» **INSTRUCTIONS FOR THE TASK**
Of the entries below, return exactly those lines that fall between the one containing "This is a view" and the one containing "Below is an", the two end lines included.
☆ ☆ ☆ ☆ ☆
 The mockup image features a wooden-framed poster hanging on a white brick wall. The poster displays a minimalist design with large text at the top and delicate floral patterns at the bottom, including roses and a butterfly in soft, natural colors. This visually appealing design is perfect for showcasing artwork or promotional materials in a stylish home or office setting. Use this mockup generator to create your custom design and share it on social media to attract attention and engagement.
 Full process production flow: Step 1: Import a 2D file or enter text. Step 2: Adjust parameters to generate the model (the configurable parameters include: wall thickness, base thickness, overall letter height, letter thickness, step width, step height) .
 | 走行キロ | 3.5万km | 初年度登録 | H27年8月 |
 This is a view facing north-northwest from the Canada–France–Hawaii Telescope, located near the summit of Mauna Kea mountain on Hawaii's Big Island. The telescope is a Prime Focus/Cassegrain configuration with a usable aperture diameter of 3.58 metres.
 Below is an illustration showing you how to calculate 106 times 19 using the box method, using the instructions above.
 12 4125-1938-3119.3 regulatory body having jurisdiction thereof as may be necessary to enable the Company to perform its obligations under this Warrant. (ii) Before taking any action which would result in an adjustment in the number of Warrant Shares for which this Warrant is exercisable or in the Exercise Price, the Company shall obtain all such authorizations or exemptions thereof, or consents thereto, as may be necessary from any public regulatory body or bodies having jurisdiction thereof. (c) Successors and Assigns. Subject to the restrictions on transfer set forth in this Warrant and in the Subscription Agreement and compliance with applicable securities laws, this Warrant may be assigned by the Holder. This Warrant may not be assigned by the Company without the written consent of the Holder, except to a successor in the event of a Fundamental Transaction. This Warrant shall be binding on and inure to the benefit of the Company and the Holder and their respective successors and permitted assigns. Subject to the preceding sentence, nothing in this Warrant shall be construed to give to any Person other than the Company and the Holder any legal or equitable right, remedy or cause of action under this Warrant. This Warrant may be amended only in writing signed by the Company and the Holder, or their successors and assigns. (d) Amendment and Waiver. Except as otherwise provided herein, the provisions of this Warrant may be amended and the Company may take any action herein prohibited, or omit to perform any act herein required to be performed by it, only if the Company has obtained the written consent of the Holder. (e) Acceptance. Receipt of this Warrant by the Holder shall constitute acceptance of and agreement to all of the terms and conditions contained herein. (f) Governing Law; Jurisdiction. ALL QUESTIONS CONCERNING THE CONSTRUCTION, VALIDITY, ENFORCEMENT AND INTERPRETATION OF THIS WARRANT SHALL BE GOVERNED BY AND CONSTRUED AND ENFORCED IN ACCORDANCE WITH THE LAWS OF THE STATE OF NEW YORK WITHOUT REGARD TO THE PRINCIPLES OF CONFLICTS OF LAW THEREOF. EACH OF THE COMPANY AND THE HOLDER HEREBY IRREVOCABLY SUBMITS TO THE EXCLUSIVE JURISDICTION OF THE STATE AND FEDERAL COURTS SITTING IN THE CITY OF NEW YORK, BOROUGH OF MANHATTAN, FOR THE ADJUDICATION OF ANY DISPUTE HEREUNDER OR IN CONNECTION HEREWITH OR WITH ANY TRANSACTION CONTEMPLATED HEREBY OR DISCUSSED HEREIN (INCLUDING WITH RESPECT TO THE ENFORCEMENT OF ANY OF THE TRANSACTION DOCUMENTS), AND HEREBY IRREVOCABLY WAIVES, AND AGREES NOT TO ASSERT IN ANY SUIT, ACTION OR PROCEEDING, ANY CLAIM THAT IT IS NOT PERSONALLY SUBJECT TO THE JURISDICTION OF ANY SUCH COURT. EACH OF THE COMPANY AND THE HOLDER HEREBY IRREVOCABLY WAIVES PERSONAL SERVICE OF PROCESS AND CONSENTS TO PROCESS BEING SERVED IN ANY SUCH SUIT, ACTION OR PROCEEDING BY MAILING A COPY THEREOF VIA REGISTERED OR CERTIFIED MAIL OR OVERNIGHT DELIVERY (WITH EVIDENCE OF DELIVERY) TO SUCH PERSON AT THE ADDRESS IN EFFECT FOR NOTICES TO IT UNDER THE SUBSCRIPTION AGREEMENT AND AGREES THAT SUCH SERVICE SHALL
☆ ☆ ☆ ☆ ☆
» **TASK OUTPUT**
 This is a view facing north-northwest from the Canada–France–Hawaii Telescope, located near the summit of Mauna Kea mountain on Hawaii's Big Island. The telescope is a Prime Focus/Cassegrain configuration with a usable aperture diameter of 3.58 metres.
 Below is an illustration showing you how to calculate 106 times 19 using the box method, using the instructions above.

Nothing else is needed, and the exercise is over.